As described above in detail, the present invention provides a salt-resistant suspension insulator having a pollution withstand voltage characteristic of 1.3 times or more as compared with a standard suspension insulator as a suspension insulator having no lightning protection function. Since it is used, it is not necessary to increase the number of suspension insulators to be connected so much, and there is an effect that it is possible to suppress the continuous length of the insulator and easily apply it to the existing transmission line support insulator device.

[Brief description of drawings]

FIG. 1 is a front view showing an embodiment of a lightning protection insulator device of the present invention.

FIG. 2 is a partially cutaway front view showing only a salt-resistant suspension insulator.

FIG. 3 is a semi-longitudinal sectional view showing a lightning protection insulator.

FIG. 4 is a schematic front view of a lightning protection insulator device.

FIG. 5 is a graph showing the relationship between the salt attachment density of a suspended insulator and the pollution withstand voltage.

[Explanation of symbols]

5 suspension type lightning arrestor, 6 salt-resistant suspension insulator, 11 upper arc horn, 12 lower arc horn which also serves as discharge electrode on the power-supply side, 21 insulator body, 21a mounting cylinder part, 22
Cap fitting, 23 pin fitting, 24 resistance element, 2
8, 29 Lead wires, 30 Intermediate arc horn that also serves as a ground side discharge electrode, G air discharge gap, L power transmission line.

Claims (1)

[Claims] 1. A suspension type lightning arrestor is connected in series, and the resistance elements of each suspension type lightning arrestor are electrically connected to each other via a lead wire or not, and at the end of the lightning arrestor series.
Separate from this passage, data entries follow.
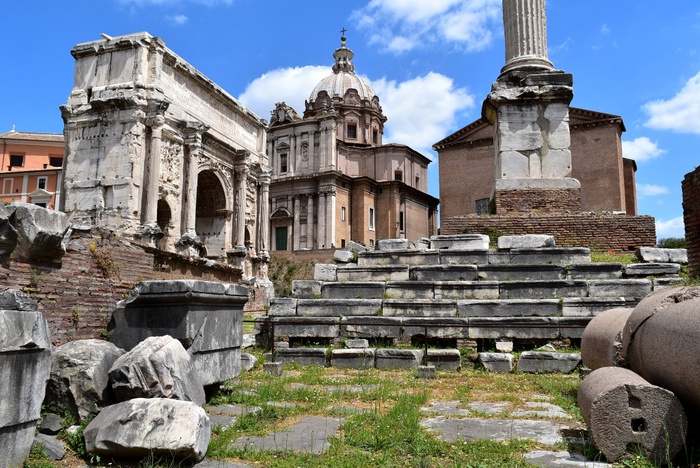 The Roman Forum in Rome is a rectangular square located in the heart of ancient Rome, between the Palatine and Capitoline hills. The Forum was the center of important buildings, popular ceremonies, government elections, and a center for public speeches and public trials. It was also the heart of Roman trade and economic life. It is believed that the Roman Forum was the most famous meeting place in history, due to the many statues that commemorate the ancient Roman men. Now it is one of the most important archaeological attractions in Rome.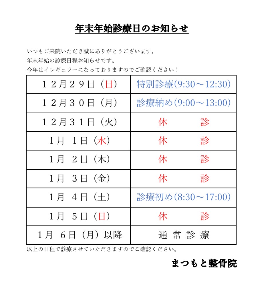 さて今年の年末年始はまつもと整骨院は以下のような日程で行います!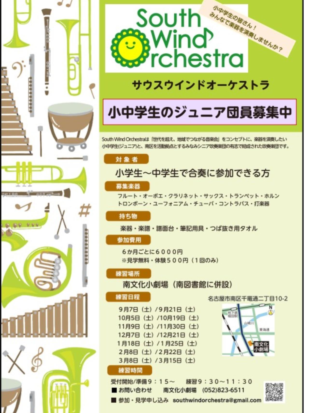部活動の地域移行に伴い、楽器を演奏したい小中学生を対象として設立吹奏楽団です。指揮・指導は吹奏楽のみならずオーケストラやオペラなど多方面で指導実績のある柴田祥先生で、楽器を楽しく演奏することを目的としています。各楽器毎にもプロの講師をお願いしており、本格的な指導を受けることができます。演奏や活動のサポートは同じく名古屋市南区を活動拠点とするみなみシニア吹奏楽団の有志が行います。部活動との両立も可能です。一部ですが楽器のレンタルも可能です。楽器を吹きたい小中学生の皆さんをお待ちしています。ご興味を持たれた方はぜひお問い合わせください。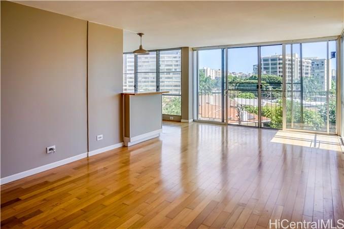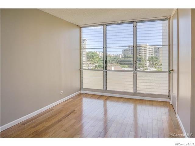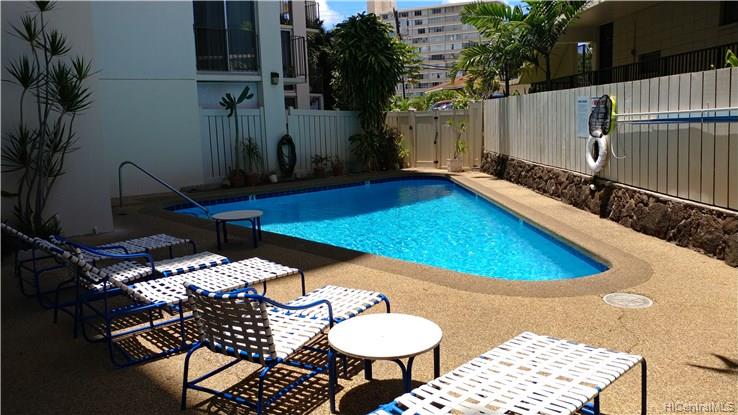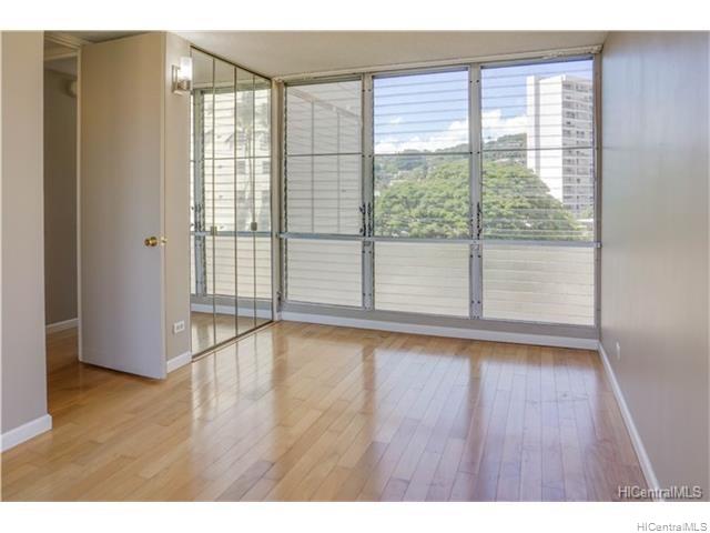 Great new price for this extra large, 2 bedroom, end unit with enclosed lanai. Spacious interior with hardwood laminated flooring. Full size Electrolux washer and dryer. Recently painted. Easy access to freeway, Punahou School and U of H. Building was repiped and has swimming pool and bike rack. Assessment paid by Owner.
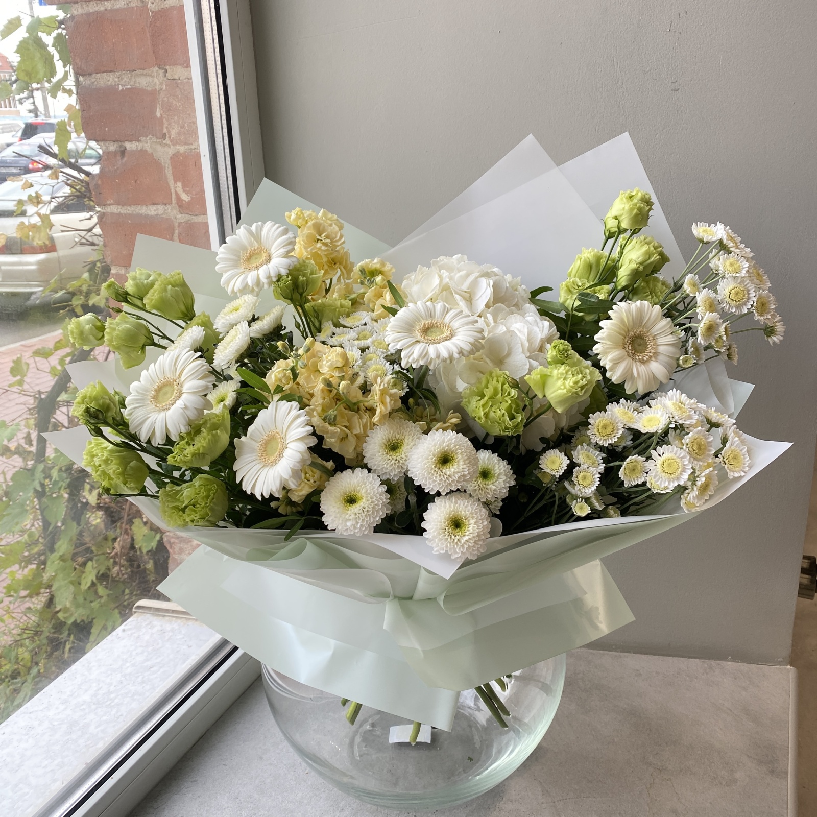 Состав: гербера 5, хризантема кустовая 4, маттиола 2, хризантема 2, альстромерия 2, гортензия 1, фисташка 0,5 и прочее.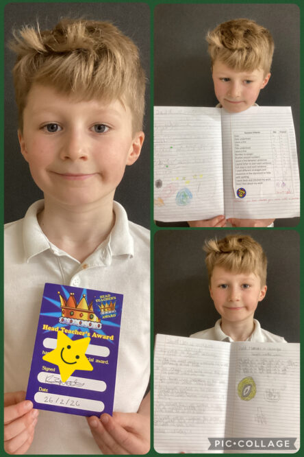 He has been working incredibly hard to improve his handwriting, showing real determination and care in everything he does. It has been wonderful to see the effort he has put in, both at school and he has been working incredibly hard at home.
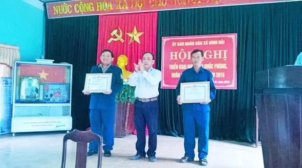 Ảnh: Đ/c Hồ Văn Chung- Chủ tịch UBND trao giấy khen cho tập thể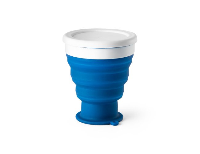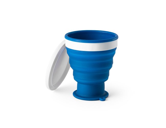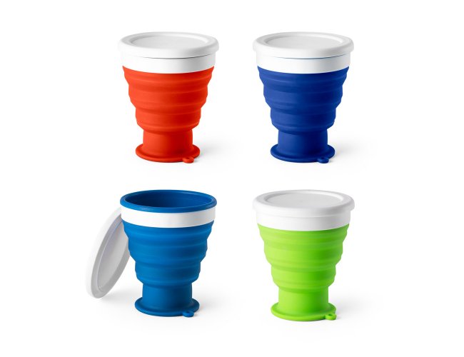 Copo de viagem dobrável em silicone com tampa em PP. Contém uma argola na base que serve como pega ou para pendurar.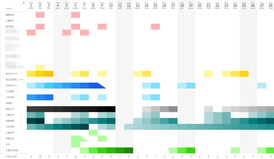 2月份新增了4个flag:拉伸小腿、正念、记录饮食、不看长短视频等。但是目前来看几乎都是完败的,除了不看长短视频这个还能有一定的实践,剩下三个几乎没有什么行动,感觉自己立这三个flag的时候大意了。3月份要去掉这3个flag了。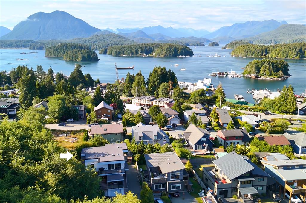 Modern contemporary design meets functionality in this stunning Tofino home. Perched on a hill, out of the tsunami zone, at the end of a quiet road & walking distance to downtown. South-facing front overlooks parkland; rear offers ocean & mountain views. Built in 2017, this 2,990 sq ft home features a 3-bed, 3-bath main residence, a 1-bed, 1-bath suite, & a garage w/access to bonus rooms. Street level garage, 2 bonus rooms & half bath. Second floor has main entry, laundry, half bath & primary bed w/ensuite ...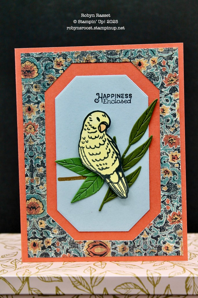 You might guess that I like birds with a business name like Robyn’s Roost. So, I thought I would share with you a card created with the Feathered Fun stamp set.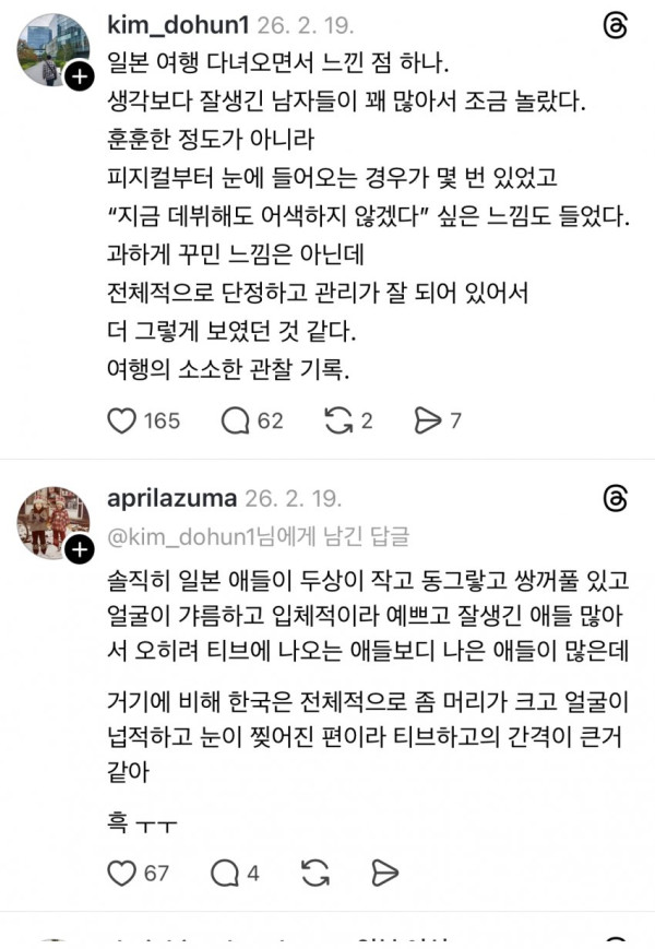 그 이유는 한국과 다르게 일본남자들 상당수가 이목구비 뚜렷하고 얼굴 머리크기 작은 미소년 미남비율이 압도적으로 많아서 충격먹고옴

A plurality of suspension insulators without lightning protection are connected in series, and a discharge side discharge electrode and a ground side discharge electrode are attached to both ends of this suspension insulator series, and an air discharge gap is formed between both discharge electrodes. In the suspension type lightning arrester device for a transmission line provided with, a salt-resistant suspension insulator having a pollution withstanding characteristic of 1.3 times or more as compared with a standard suspension insulator as the suspension insulator having no lightning protection function. A suspended type lightning arrester device for transmission lines, characterized by being used.